Attention! I can get a bunch of pictures out of the Internet, But these data are not labeled. How to do it?? Brother tie accused you of something, This practice, Clustering..

Tiege taught you the simplest way to cluster, That is, Put all pictures into convolution network, But we don't extract categories, Only extract some features of the network middle layer,
These features are a bit like the visual QR code of each picture, And then we make one for these QR codesk-means clustering, It will also have unexpected effects. Why depth?
Because of the features of depth extraction, That's different.

And then search for it? But find other pictures in the same cluster.

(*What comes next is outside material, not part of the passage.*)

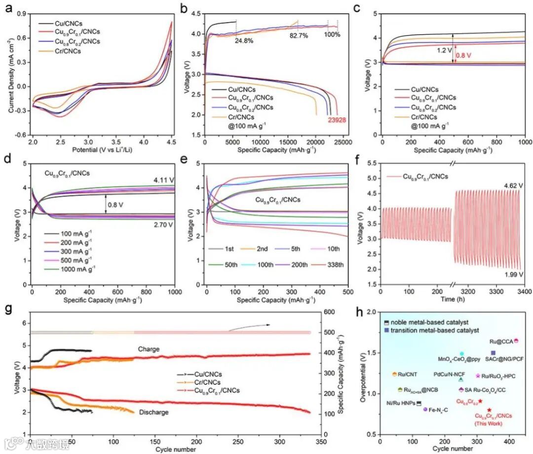 要点三:催化剂的优异性能。不含贵金属的CuCr/CNCs 阴极的电池展现了最高的放电比容量(23928 mAh g-1)和最低的过电位(1.2 V),并且实现了100%的库仑效率。进一步测试显示,该阴极实现了超过338个循环的长寿命,并且维持了较低的过电位。相对而言,Cu/CNCs和Cr/CNCs 电池分别仅完成了74和122个循环,且其电压间隙就达到了2.76 V和2.35 V,进一步证实Cu/Cr原子间的协同作用显著提升了催化剂在Li-CO2电池中的容量、倍率性能以及稳定性。
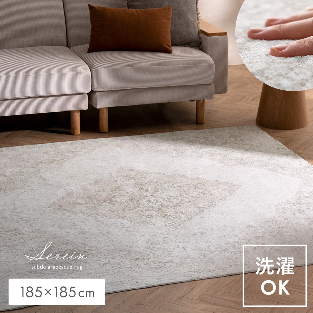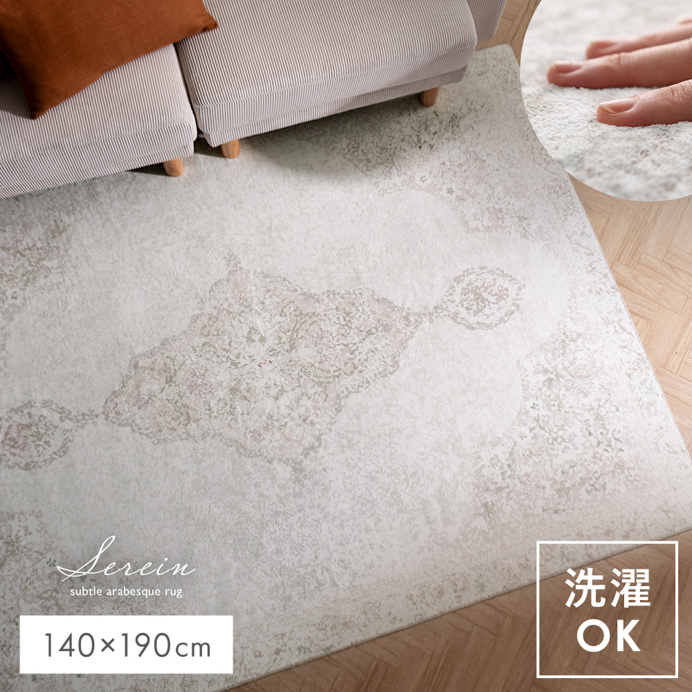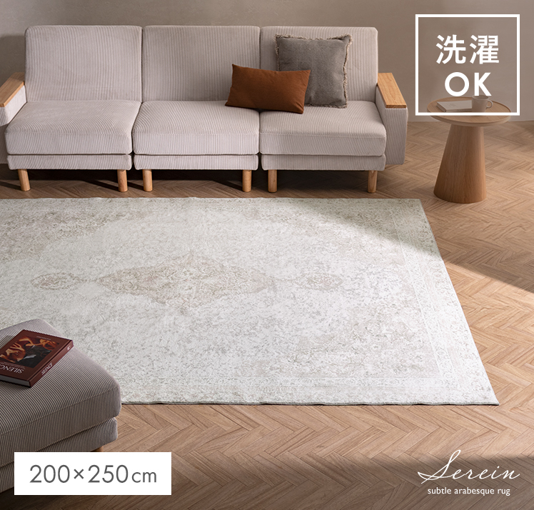 アラベスク模様のヴィンテージ風ラグ Serein〔スラン〕200×250/繊細なアラベスク模様が描く、やわらかなヴィンテージ感。空間にしっとりとなじむヴィンテージ風ラグ“Serein(スラン)”。ご自宅で丸洗いできるので、気負わず心地よくお使いただけます。

On the basis of clustering, You can do a search!



 

The fifth level :

We began to rise to Stargazing, The applications that used to make money by classification were boring. How to make science with machine vision?
As a group of people looking up at the stars and observing cells, What we often find is that the noise of astronomical or cell images we get is too much, I can't bear it, Then?
Deep learning gives you a way to reduce noise and restore images. One is calledauto-encoder Tools, It has played a great role , Brush it. The image is clear.

 



It's not the coolest, The antagonistic learning with game theory, It can also help you murder noise! If you will fight against the so-calledGAN, It's also a tool for image generation,
Pictures that let the network get rid of noise, And natural pictures without noise, Not even convolution network, Yes, This is it!





Schawinski, Kevin, et al. "Generative adversarial networks recover features in
astrophysical images of galaxies beyond the deconvolution limit." Monthly
Notices of the Royal Astronomical Society: Letters 467.1 (2017): L110-L114.

 

 

The sixth realm :

 

Enough money in industry, Science toonerd 了, Let's play art, think Philosophy , First move, Image style migration, See Tiege's previous article
<https://zhuanlan.zhihu.com/p/31404314>:





 



 

But it's really good, It's the confrontation learning just mentionedGAN, For example, famousCycleGAN, You can almost implement a custom“ Image translation”
function, And you don't have to mark it, Take out two groups of pictures in winter and summer, It will automatically find the corresponding between two groups of pictures.

 



Zhu, Jun-Yan, et al. "Unpaired image-to-image translation using
cycle-consistent adversarial networks." arXiv preprint arXiv:1703.10593 (2017).

 

The seventh realm:

 

Image translation is also lazy, Your neural network doesn't claim to be able to understand images, See you make a living out of nothing, Generate pictures in the noise?

 

Yes, StillGAN, And it's the most basic convolutionGAN (DCGAN) I can do it for you.

Have a lookGAN Fantasized hotel scene, Can you think of a computer drawing? Ha ha ha!



Goodfellow, Ian, et al. "Generative adversarial nets." Advances in neural
information processing systems. 2014.



 

Write here, I feel thatGAN It's very promising, Promising, Promising, I used to think it was just fun.

The seven level butcher on display here, But also deep learning by humandiscover The tip of the iceberg, Don't laugh when you are drunk on the battlefield, How many people have fought in ancient times.